When I embraced what this meant existentially I came to the conclusion that if Christianity was to have a future, then I must find a new point of entry and a new way to hear and to believe the Jesus story. That was the challenge I had to meet before I could ever address the possibility of life after death. I began that reconstruction task in my book Jesus for the Non-Religious and now I had to complete this task by spelling out a new way to view eternal life.

I was delighted to discover that the greatest of the New Testament scholars in the 20th century, Rudolf Bultmann, regularly spoke of Jesus not as the "savior," but as the "revealer." That shift was not subtle. Bultmann was suggesting the Jesus "revealed" a new dimension of what it means to be human and in the process opened a new window into what it is to experience the presence of God. Suddenly I had found a whole new way to look at what divinity is in human life. Underneath the focus on sacrifice revealed in the gospels I began to view Jesus as one who was so deeply and fully human that whatever it is that we experience God to be could be seen in him and experienced through him. A new way to view the cross next began to come into view. The cross was not a sacrifice to placate an angry God, but a living portrait of a human life that was no longer controlled by the innate drive to survive. Here was a life free to give itself away, a life with no need to build itself up at another's expense. This was a new dimension of what it means to be human, what it means to live fully, to love wastefully and to be all that life was meant to be. When I got beneath the level of later explanation, which dominates the gospel narratives, and began to ask what was the Jesus experience that compelled his followers to stretch the words available to them to an infinite degree to enable those words to be big enough to capture their Jesus experience, I heard them saying we have met and encountered in the life of this Jesus everything that we mean by the word "God." It was that word "inflation" that gives us virgin births, wandering stars, miracles, parables, physical resuscitations and ascensions into heaven. They were trying to say that in his humanity, which seemed to break all human barriers, they had found a doorway into the meaning of transcendence, the reality of God. The way into divinity became for me the pathway of becoming fully human. It was to affirm that we are still evolving into we know not what. Jesus was a new dimension of life for which we may all be headed.

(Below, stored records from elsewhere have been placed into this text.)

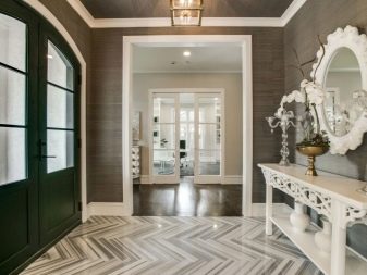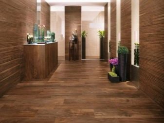When fixing the plates parallel to the floor, it is possible to achieve visual stretching of the room and the expansion of its boundaries. Corridors designed in this way become more spacious, light and airy, Such a solution looks especially impressive if strengthened with small inserts from darkened mirrors.
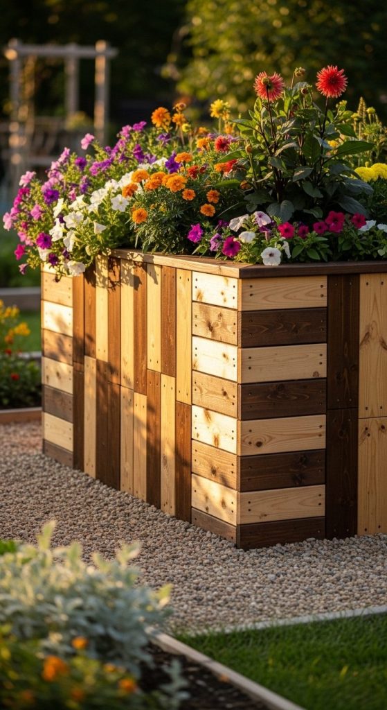 Use differently colored pallet wood pieces to create a mosaic or chevron pattern around the raised bed exterior.
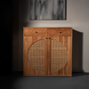 Introduce natural charm and modern design into your space with this solid wood storage cabinet, featuring dual drawers and rattan shutter doors with a circular inlay design. Handcrafted from premium wood with natural cane detailing, this piece is both functional and artistic.
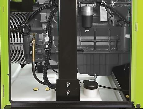 The Pramac GSW110P-PFL three-phase generator is powered by a Perkins diesel engine and has an output of 114.7kVA standby. Mounted on a solid welded steel base frame with anti-vibration mountings, the unit comes in a sound-reducing, weather-protected enclosure suitable for outdoor use.
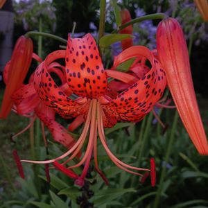 ユリ根(コオニユリ)ちゃんと キキョウちゃんです。 何年前かに、食べずに 埋めたユリ根ちゃん 今年も 咲きました。 隣に キキョウちゃんが、有るので 華やかな色あいです。 連投稿ありがとうございます。
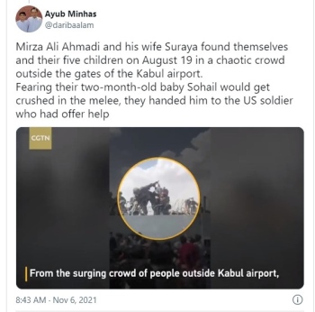 Мирза Али си спомня, че на летището в Кабул е видял и други семейства да подават бебетата си на американски войници през оградата. Видеоклип, показващ как една майка държи в ръцете си бебе, обвито в пелени, и го вдига високо над бодлива тел, разтърси социалните медии. По-късно то отново е било при родителите си.
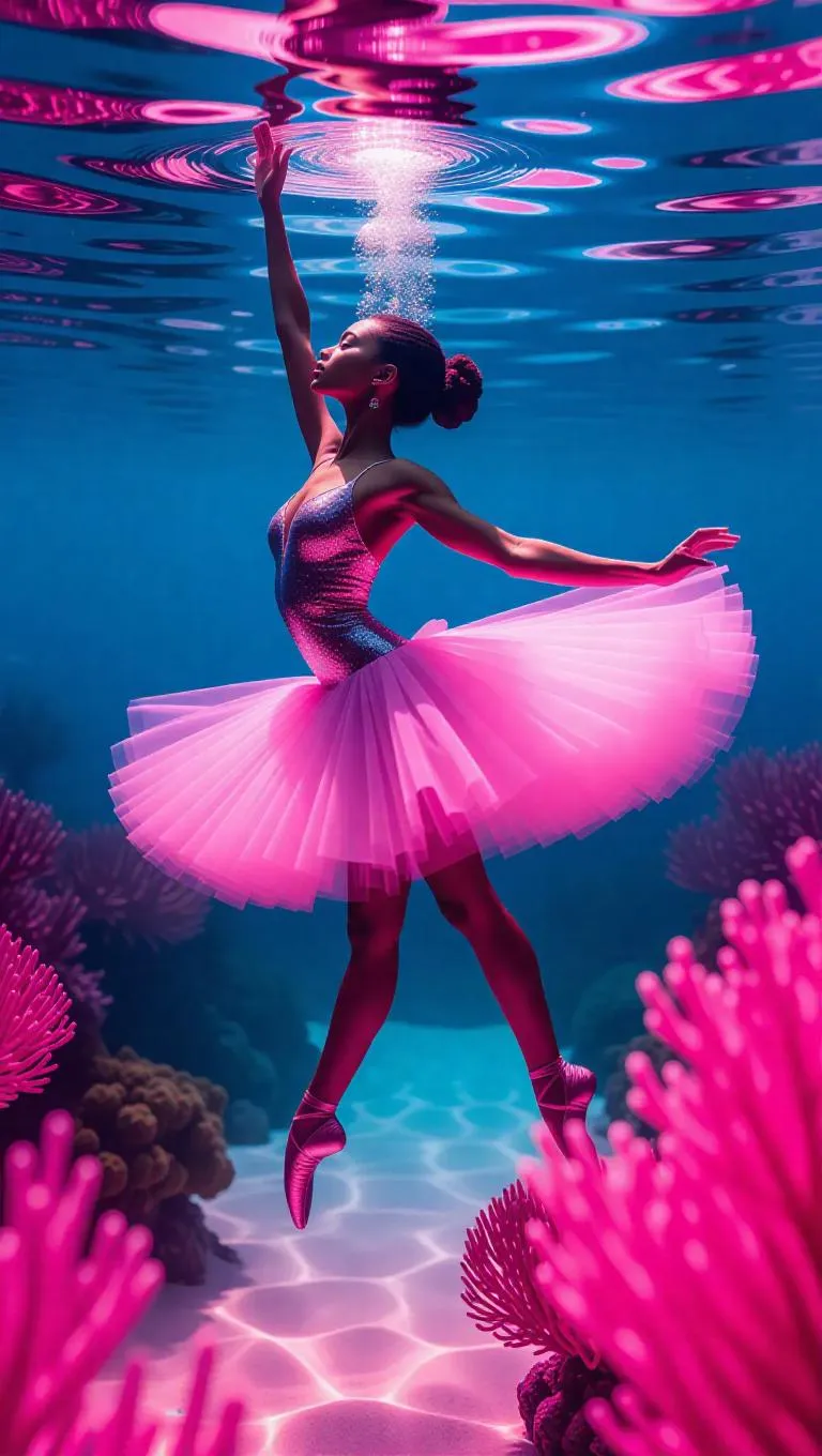 Surreal underwater ballet dancer, composed of shimmering water and radiant light, gracefully gliding through a surreal, pink sea, surrounded by luminous corals, creating a mesmerizing dance of colors and motion.
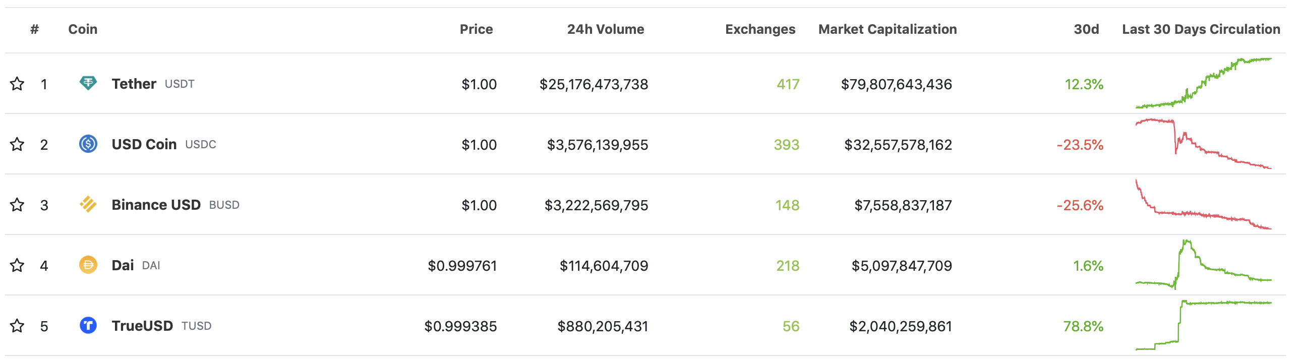 Согласно данным CoinGecko, в четверг и пятницу суточный объем торгов стейблкоином True USD (TUSD) превысил отметку в $1 млрд. Для сравнения, в начале марта он составлял менее $100 млн. Впечатляющий рост стал результатом поддержки токена криптобиржей Binance, которая ввела нулевые комиссии на покупку и продажу биткоина (BTC) за TUSD.
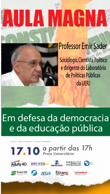Tendo em vista a importância de defender a democracia e a educação pública, o Adufg-Sindicato, SINT-IFESgo, Sinpro Goiás, Sintef-Go, Sintego, FitraeBC, APG, UEE-GO e DCE/UFG promovem aula magna sobre este mesmo tema nesta quarta-feira (17/10), a partir das 17h, na Praça Universitária. Emir Sader, sociólogo, cientista brasileiro e doutor em ciência política pela Universidade de São Paulo, é o especialista convidado para a aula.
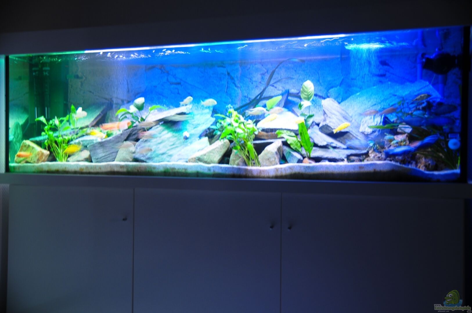 Beleuchtung : 2 T8 Röhren, die vordere Röhre ist eine Aqua-Glo der Firma Hagen.Die hintere Röhre ebenfalls.Beide Röhren sind mit Alufolie abgedunkelt und zum Teil mit blauer und grüner Folie umwickelt.Beide Röhren haben 36 watt. Aquarium: 12mm Sicherheitsverglasung sowie Verklebung. Bodenbereich 2 Bohrungen für Pumpensystem. Bodenplatte habe ich eine 20mm Styrodurplatte eingelegt für den Steinaufbau Da wir gerade ein Haus gekauft haben, wollten wir es dem Wohnzimmer anpassen. Wei?? [...]
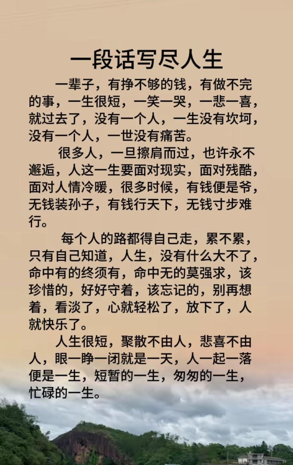 人生苦短,若白露未晞,应及时行乐,莫待空悲切。 人生苦短,别让琐事牵绊,勇往直前,追求梦想。 人生苦短,万事成蹉跎,活得潇洒,活得快乐,做自己喜欢的事,活出真实的自我。不图名,不图利,做事凭兴趣,做人凭良知。不求十全十美,但求无愧于心;不求人人满意,但求有人懂得;不求有功,但求无过。
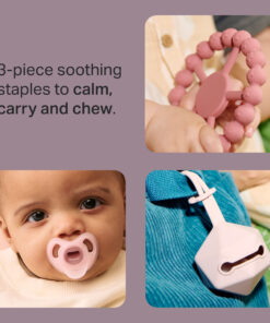 A 3-piece gift set of stylish soothing essentials designed to calm, carry, and chew. Settle your baby with our original ultra-light soother, crafted as a one-piece* design featuring a symmetrical silicone teat suitable for babies aged 0–6 months. The coordinating silicone carry case keeps up to two soothers clean and within easy reach, perfect for use on the go.
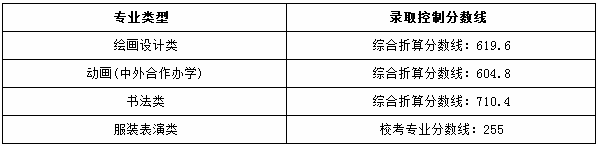 经研究决定,湖北美术学院2020年普通本科招生湖北省录取控制分数线如下:
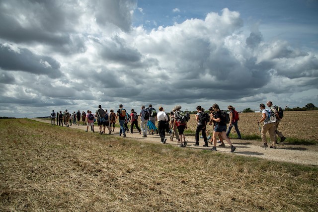 Activité grégaire, les processionnaires composent une communauté menée par un ou des guides. Les images illustrant les marches montrent des chenilles humaines s’effilant de dos dans le paysage. Les pauses/poses donnant lieu parfois à des illustrations dont la référence religieuse n’est pas exempte.
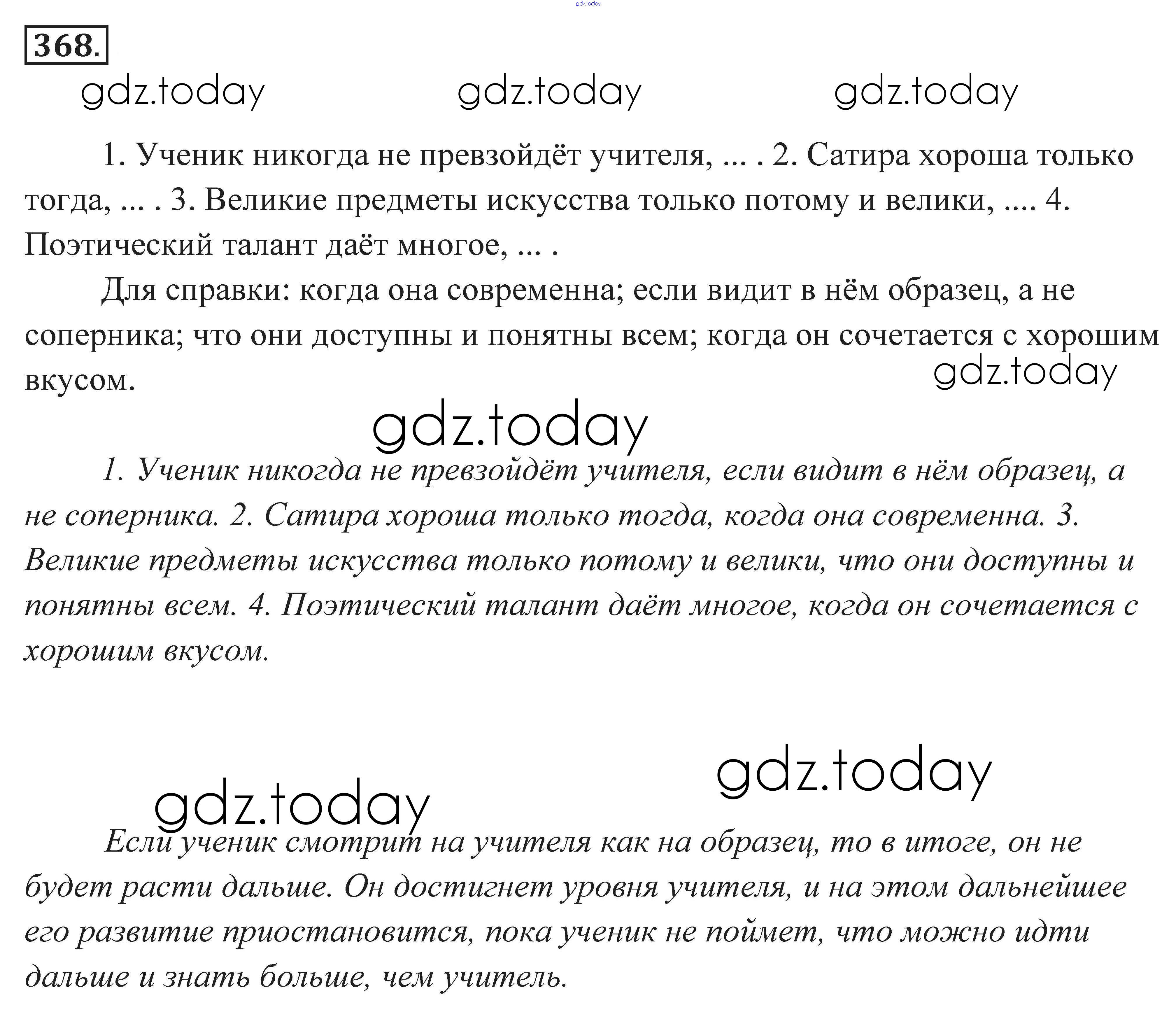 На страницах сайта gdz.today вы найдете учебный и вспомогательный материал, направленный на улучшения знаний школьной программы. ГДЗ - онлайн мир знаний Решение к заданиям 368 Практике по Русскому языку для 7 класса Пименова, Еремеева Дрофа 2016
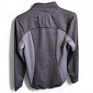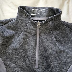 High-performance Nike Golf Tour Performance Dri-Fit pullover. Sleek athletic fit, heathered gray body with light gray contrast panels and round Swoosh zipper pull. Soft, stretchy, moisture-wicking knit ideal for golf or everyday activewear. Excellent condition, no holes or stains
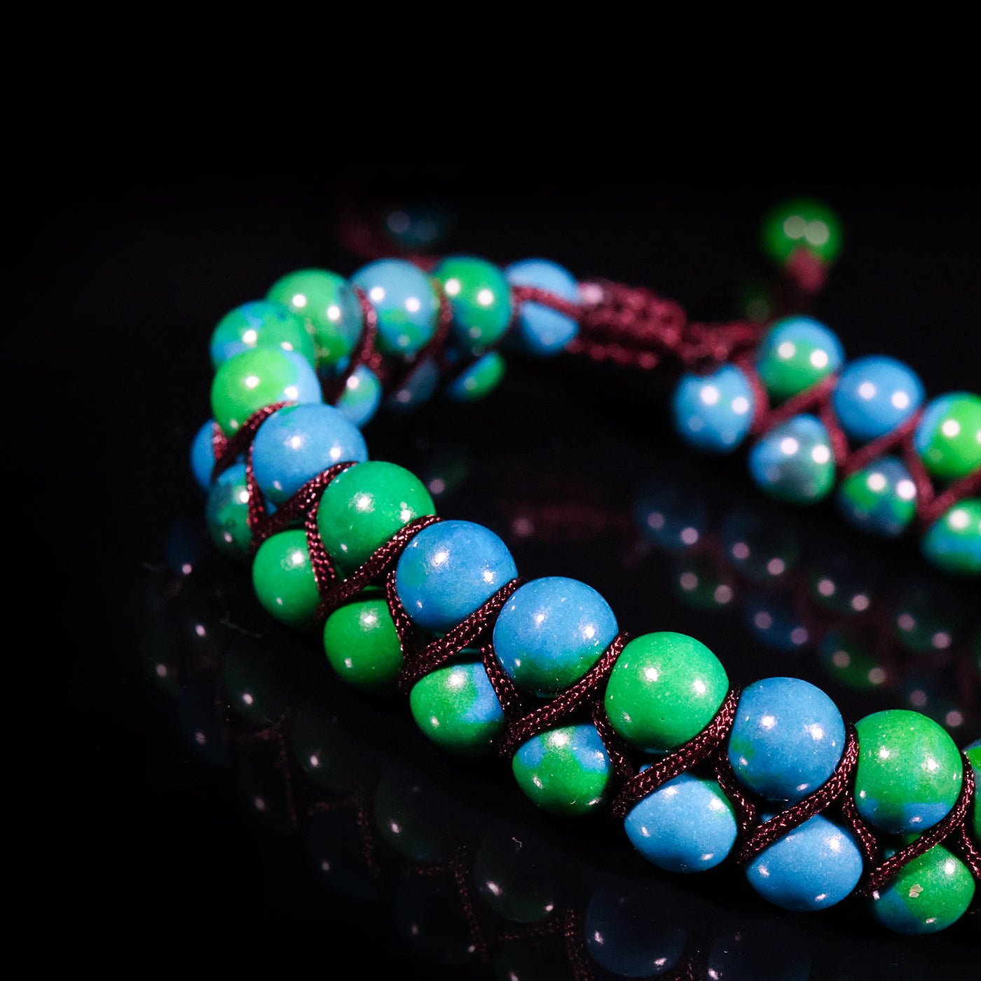 The Azure Verde Balance Bracelet blends vibrant blue and rich green tones in a striking, handcrafted macramé design. Made with polished natural stone beads, this bracelet captures the meeting point of sky and earth — calm yet full of life.
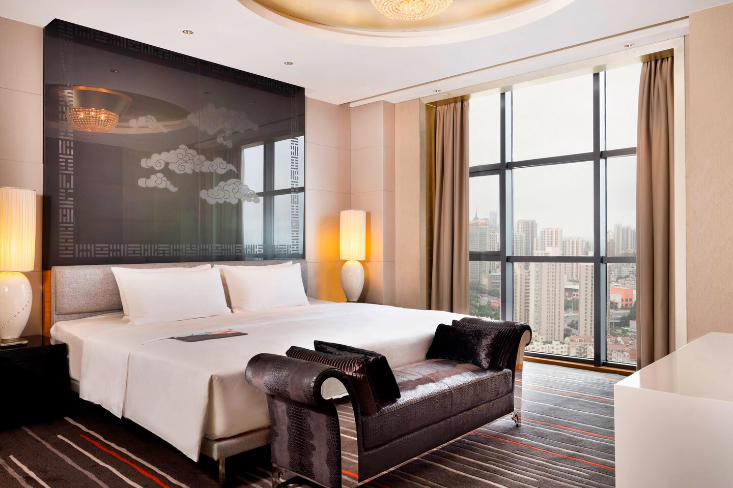 酒店客房寬敞迷人,為賓客在青島提供了一處寧?kù)o的休閑之所,客房時(shí)尚寧?kù)o,配備豪華床品、雨林淋浴間、高速 Wi-Fi 以及可俯瞰青島市景的落地窗。
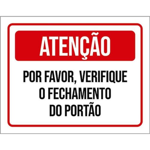 Kit 5 Placas Atenção Verifique Fechamento Do Portão 36x46 Placas de sinalizaço fabricadas com poliestireno de alto impacto PSAI de 2mm e impressão ultravioleta.
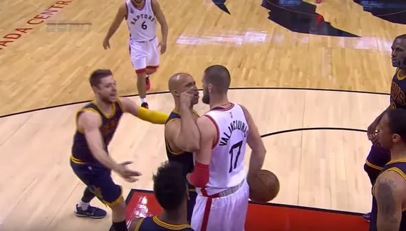 Entre le coup de coude de Bismack Biyombo sur Kevin Love et l'accrochage entre Richard Jefferson et Jonas Valanciunas, l'ambiance était tendue en première mi-temps entre les Cavs et les Raptors.

So I had to begin my quest for life after death by going into the depths of the mystery of life itself. Just as we now know that life evolved out of lifeless matter, that consciousness emerged out of life and finally that self-conscious life has emerged out of mere consciousness, so perhaps the day is now arriving when we will experience the possibility of entering a universal consciousness that is beginning to emerge out of self-consciousness. We are thus part of the oneness of life, bound together by a common DNA and that oneness makes us part of God. It also suggests that we are linked to eternity since God is found at the depth of the human.

These words can only scratch the surface of the thought I try to develop in my book on eternal life, but they do presage the path I walk. Charles Darwin, who for me made a new Christianity necessary, turns out to offer the clue to that new direction. This vision now stands before me. I invite you to join me in entering it.